(WHAT IS NEEDED)
Please keep pictures out of the copy, and print exactly the lines from the one containing "Trendyol - بلوزة" through the end of the records.
━━ RECORDS TO USE ━━
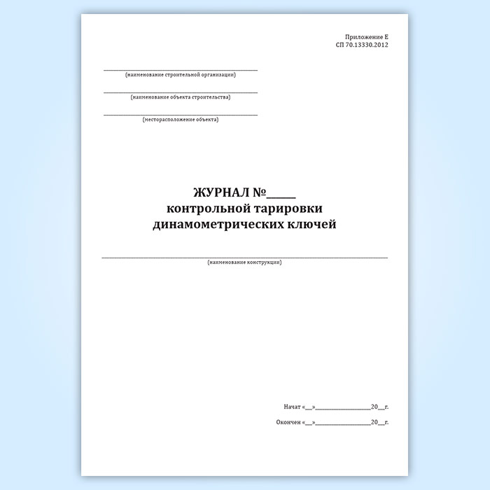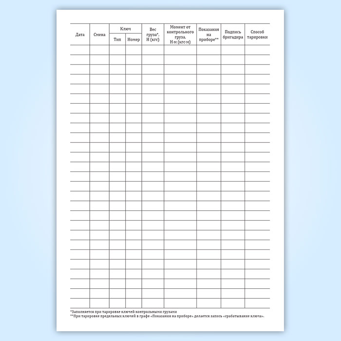 Журнал контрольной тарировки динамометрических ключей в Рошале купить
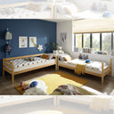 Convierte la habitación de tus hijos en un espacio funcional y divertido con nuestra litera infantil convertible MARTINA natural. Hecha de madera, esta opción práctica y versátil se transforma en dos cómodas camas individuales. ¡Una elección inteligente para un dormitorio feliz!
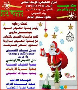 Fuheis Bazaar @ Beit Al-Fuheis On December 8th, 9th & 10th, 2016 - daily until 10:00pm تحت رعاية رئيس بلدية الفحيص السيد هويشل العكروش تقيم مؤسسات الفحيص بالتعاون مع بلدية الفحيص وبمشاركة نادي شباب الفحيص ومجموعة كشافة ومرشدات مار جريس …
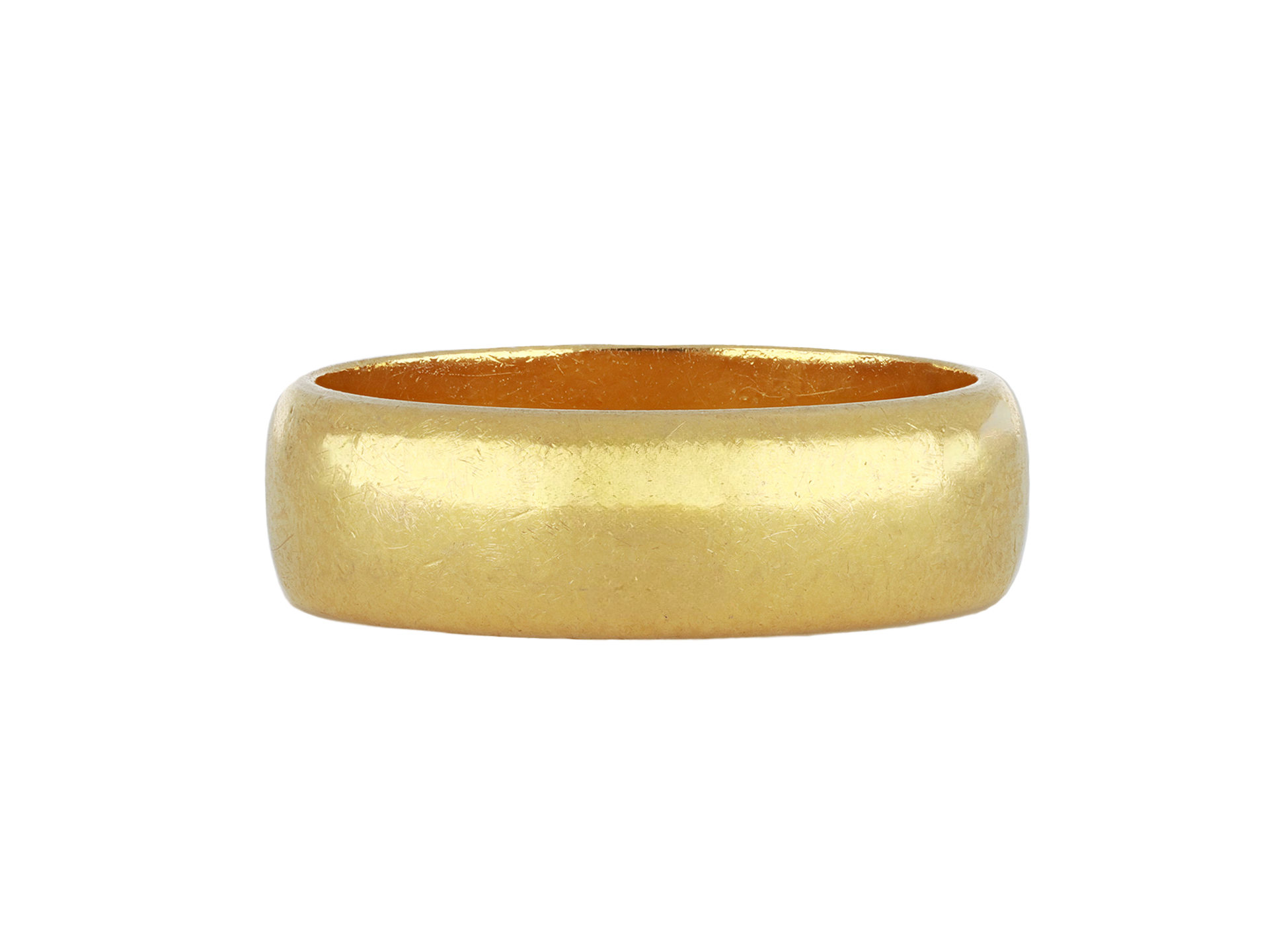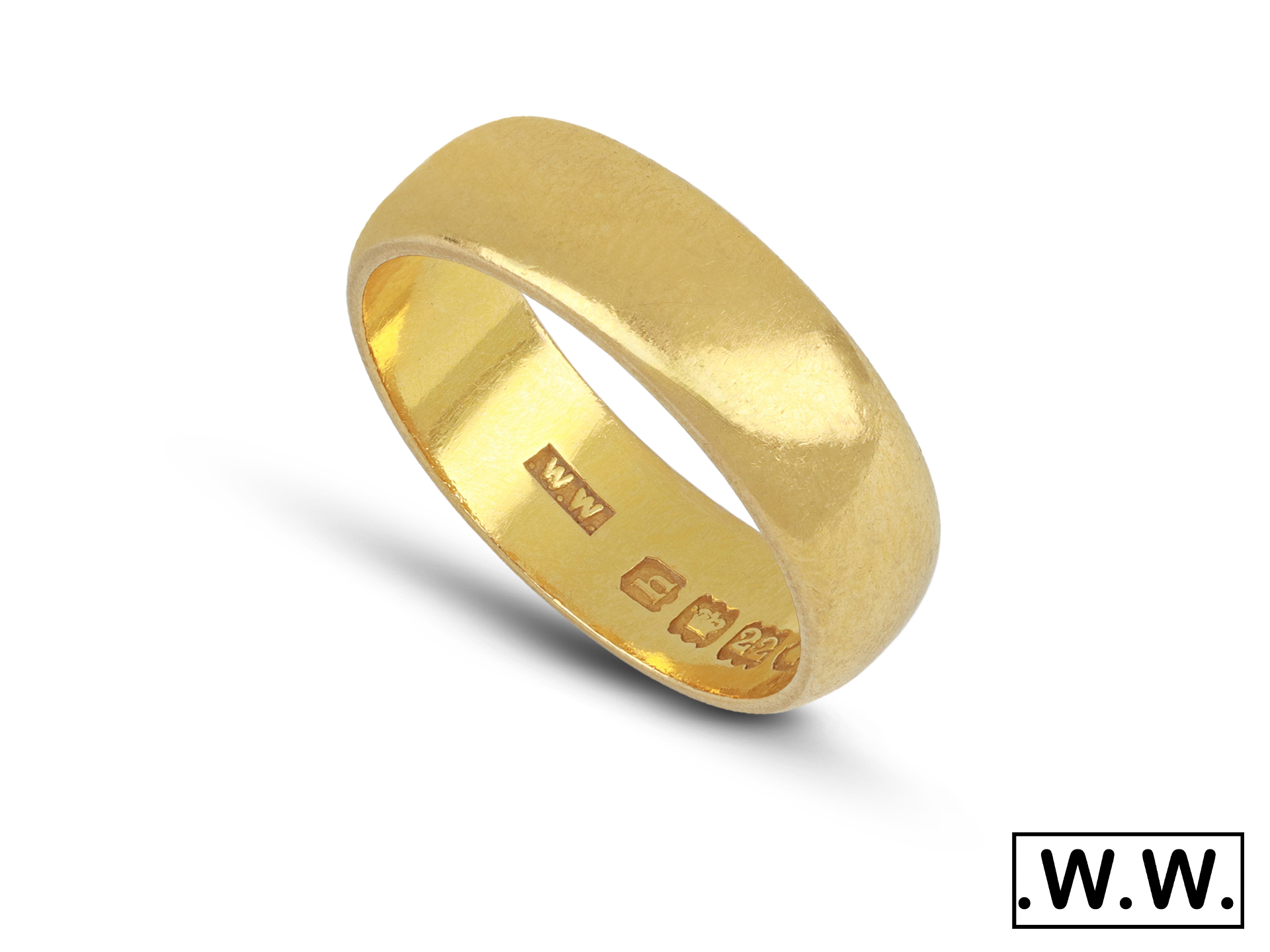Yellow gold wedding band. A smoothly conforming D shape wedding band with polished edges, approximately 5.8mm in width. Marked 22 carat yellow gold, approximately 6.62 grams in weight, maker's mark 'WW' for William Wilkinson, full hallmarks for London, English, 1903.
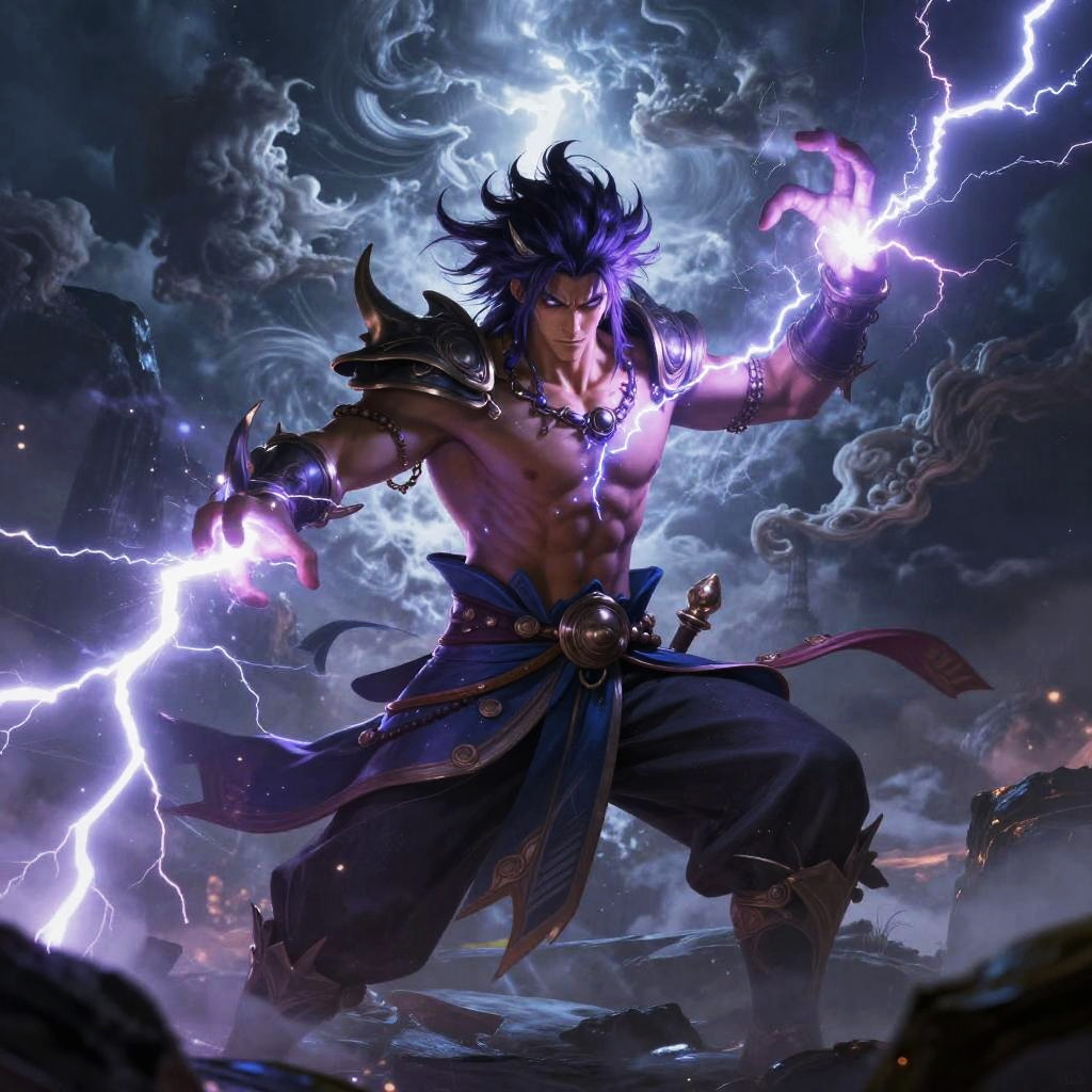 Zanba, powerful elemental mage summoning lightning from stormy skies, dramatic clouds swirling overhead, intense expression, vibrant energy effects, high resolution fantasy art.
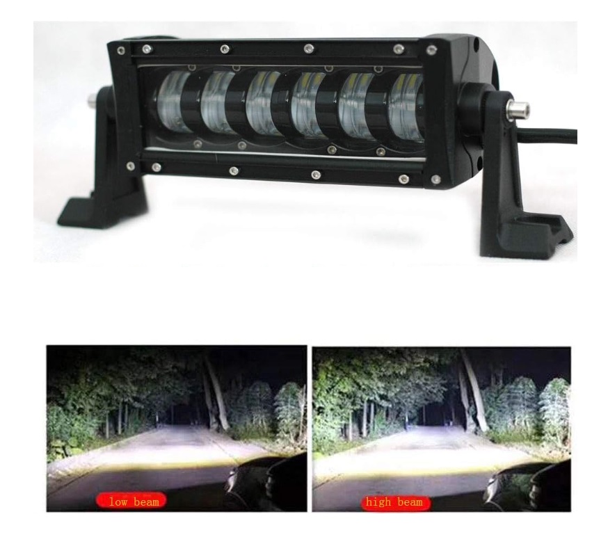 Os diodos são dispostos em duas alturas: 1ª com 6 leds x 3W = 18W (Espalhador\médios), 2ª com 6 leds x 5W = 30W Longo alcance/máximos)
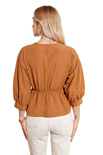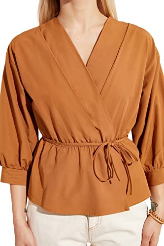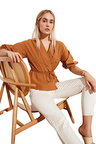 Trendyol - بلوزة منسوجة TWOSS21BZ0287 بصف أزرار مزدوج مع تفاصيل رباط للنساء من ترينديول - جملي (عبوة من قطعة)
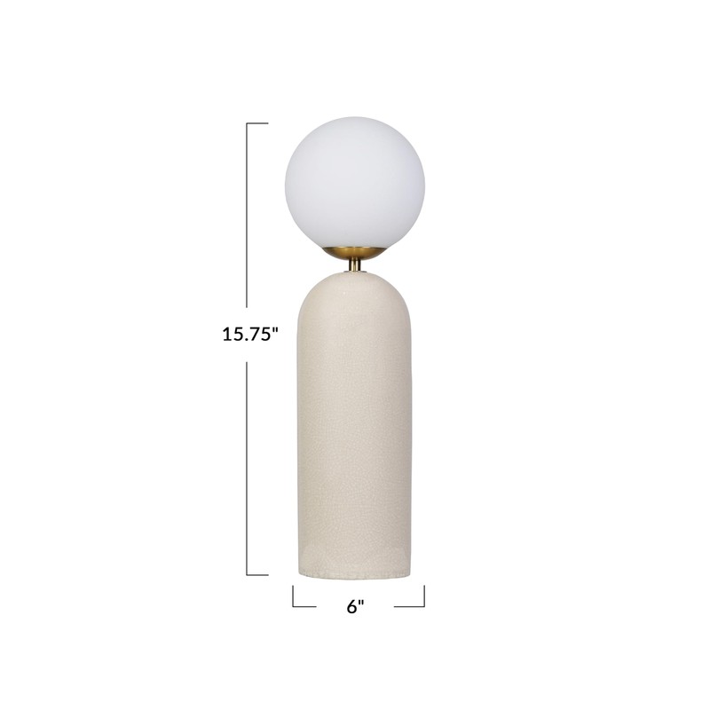 Bloomingville Stoneware Table Lamp with Frosted Globe and Inline Switch, Cream
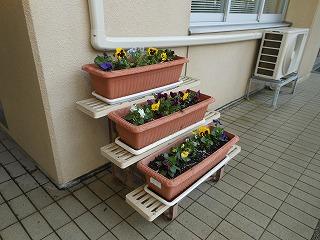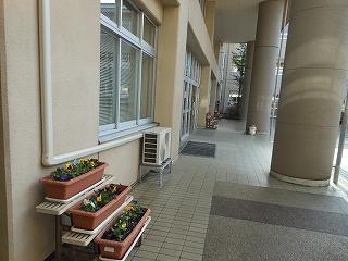 図書室に続いて、学校前のプランタも冬に模様替え。ヒャクニチソウからパンジーに変わりました。校務員の穴太さんが植え替えをしてくださいました。生徒達の登下校を見守る玄関の花々です。
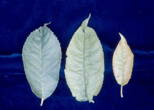 Leaf growth is reduced and leaves are pale green / yellow in colour. Chlorotic leaves eventually develop necrotic blotches near the margin. Symptoms start at younger leaves.
━━━
(COMPLETED EXERCISE)
 Trendyol - بلوزة منسوجة TWOSS21BZ0287 بصف أزرار مزدوج مع تفاصيل رباط للنساء من ترينديول - جملي (عبوة من قطعة)
 Bloomingville Stoneware Table Lamp with Frosted Globe and Inline Switch, Cream
 図書室に続いて、学校前のプランタも冬に模様替え。ヒャクニチソウからパンジーに変わりました。校務員の穴太さんが植え替えをしてくださいました。生徒達の登下校を見守る玄関の花々です。
 Leaf growth is reduced and leaves are pale green / yellow in colour. Chlorotic leaves eventually develop necrotic blotches near the margin. Symptoms start at younger leaves.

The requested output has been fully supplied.